Many of us undoubtedly are experiencing this ambivalence, oscillating between hope and fear. Many sensitive, intelligent, informed comments on Lucid exhibit this ambivalence.
This situation suggests to me that my ambivalence is itself a problem that I need to address. Actually resolving my ambivalence is impossible, because it reflects the objective nature of the situation. But in the form it presently takes in me, it resembles the bipolar disorder, oscillating wildly between the extremes of irrational exuberance and irrational despair. I have become so accustomed to it, and see it so strongly exhibited in the media every day, that it has come to seem normal to me, not extreme. Neither an individual’s nor a society’s mental health can survive such ambivalence. In fact, integrating the positives and negatives of internal and external experience is one of the major tasks of our psychological life, essential to our mental health. (The child’s failure to do so is how the narcissistic personality disorder gets started, and the failure remains highly visible throughout life.) My ambivalent feelings are not “wrong.” But they are based on a false perspective.

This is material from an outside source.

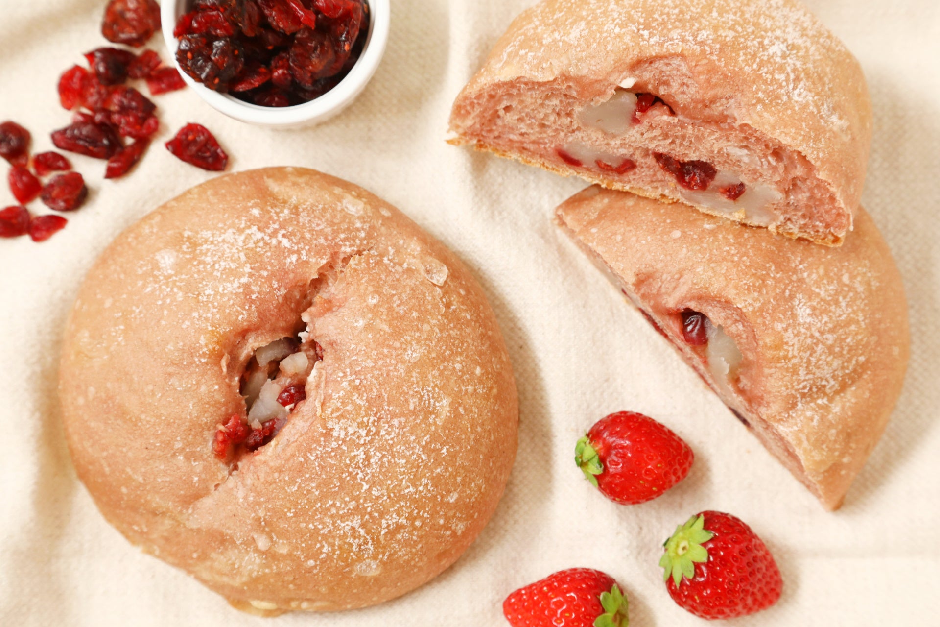 そしてこのたび2026年3月1日(日)より『ブール』の春限定フレーバー『白あんとクランベリーのストロベリーブール』を新発売いたします。いちご100%のパウダーを練りこんだブール生地は、ほんのり桜色に色づき、春の訪れを感じさせるビジュアルに。中に包んだ白あんとドライクランベリーの調和がまるで“苺大福”のような味わいを演出します。和の素材である白あんと洋の素材であるクランベリーを掛け合わせたことにより、和洋折衷なパンに仕上げた本商品は、お花見やピクニックなど、春の行楽のお供にぴったりです。

My ambivalence is based on an obsession with the future. Obsession intrinsically involves a distorted perspective. I am constantly looking into the future, hoping for the best and fearing the worst. This is neither healthy nor sane, first of all for the simple reason that it is impossible to know the future. A sane, realistic approach to life cannot be organized around trying to predict the future. Constantly surveying the future for the threats it might hold is not only manic-depressive, it is paranoid.
We live in a present that is always receding into the past, and simultaneously moving into an unknown future. A sane, healthy approach to living requires that we continually reintegrate the past, present, and future as a whole, in order to live in the present. Supporters of the anti-democracy forces are paranoiacally obsessed with an infantile desire to return to a stolen paradisal past that never was. In my ambivalence, I am mirroring their withdrawal from reality and sanity, paranoiacally obsessing about a hellish future that may or may not come into being.
Some of us will conclude, contemplating our polarized situation, that they must emigrate, either because all Americans will be reduced to merely struggling to survive a life hardly worth living; or because they judge their individual prospects in America to be intolerable. These are reasonable conclusions, but I cannot imagine emigrating myself.
Nor can I put an end to my ambivalence about future conditions in America. But I can learn to tolerate my ambivalence, and stop being subject to violent, paranoid, manic-depressive oscillations between hope and fear. I can stop feeding my ambivalence, constantly being frustrated and indignant at the apparently immovable inertia of those who should be protecting American democracy and are not.
I can begin to realistically assess the various possibilities the future holds, and try to figure out how to deal with them. I need not succumb, as so many pro-democracy Americans seem to have done in 2021, to the learned helplessness that the anti-democracy forces are trying to teach us. Human beings have always given up their liberty because they have failed to realize that the powers within ourselves are immeasurably greater than we know, while the superior power of tyranny, being based on illusions, is therefore itself an illusion, that which both is and is not.